“Health is the greatest possession. Contentment is the greatest treasure. Confidence is the greatest friend.” ~Lao Tzu
When dealing with a serious health issue or life challenge, we can choose to navigate through it to the light or bury ourselves in its darkness. While it’s not always easy to find the light, it’s a much easier place to survive in and, in the long run, is much healthier. This way of being has helped me on my recent health journeys.
Twice in the past twenty-three years, I have received the news of a breast cancer diagnosis. Both incidences were completely different and unrelated. This is my story, and how looking for the light is so important in the face of adversity.
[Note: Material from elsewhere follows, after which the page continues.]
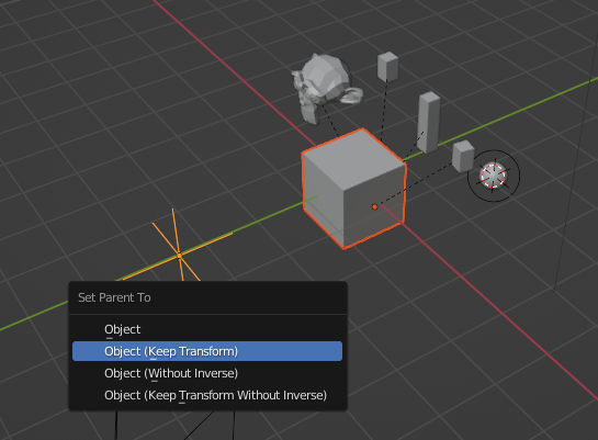 순서가 있다. 먼저 자녀역할을 하는 오브젝트(들)을 선택하고Shift 키를 누르며 부모역할할 대상을 마지막에 선택한 후Ctrl+P를 누른 다음에 항목에서 Object(Keep Transform)을 선택하면 마지막 오브젝트를 움직이거나 회전, 이동시 자식들은 영향을 받는다. 물론 자식들을 하고 싶은 변형(Transform)을 할 수 있다.

My first cancer diagnosis was in 2001 when I was forty-seven, received days before the horrific events of 9/11.
DCIS, an early form of breast cancer, was discovered through my annual mammogram. I was given the choice to have a lumpectomy and radiation or a mastectomy and reconstruction. I opted for the latter because I didn’t want to spend subsequent days, months, and years worrying about a possible recurrence. Plus, back then, radiation was more dangerous and not as refined and focused as it is today.
At the time, I was living in a small town in Florida and decided to travel to California for the best doctor to treat this type of cancer. It wasn’t easy being separated from my three children under the age of eighteen. In the end, it was the right choice and eventually led to a subsequent move to California, the place of my dreams. So sometimes going through difficult challenges can lead to better things.
After I had surgery, my husband Simon and I stayed in California for two weeks before returning home to Florida. I slowly got used to my new body’s landscape since my diagnosis and diligently continued to go for my annual mammograms, watching my only breast being squished between those two sheets of glass.
Tears would trickle down my face, triggered by the loss of the breast that fed my three children. During my meditations, I expressed gratitude for my life and remaining breast.
I tried to bring the light into my life whenever possible by engaging in self-care activities. I surrounded myself with loving and thoughtful people and tried to disconnect from those who had less hopeful attitudes.
Five years later, during a routine blood test, I found out that I had multiple myeloma, a rare type of blood cancer affecting the plasma cells. In short, it turns healthy cells into unhealthy ones.
I had no symptoms at the time, but was told that I’d need bloodwork every three months to make sure that the disease did not progress, and that down the road there was a chance I would need to undergo treatment for this incurable type of blood cancer.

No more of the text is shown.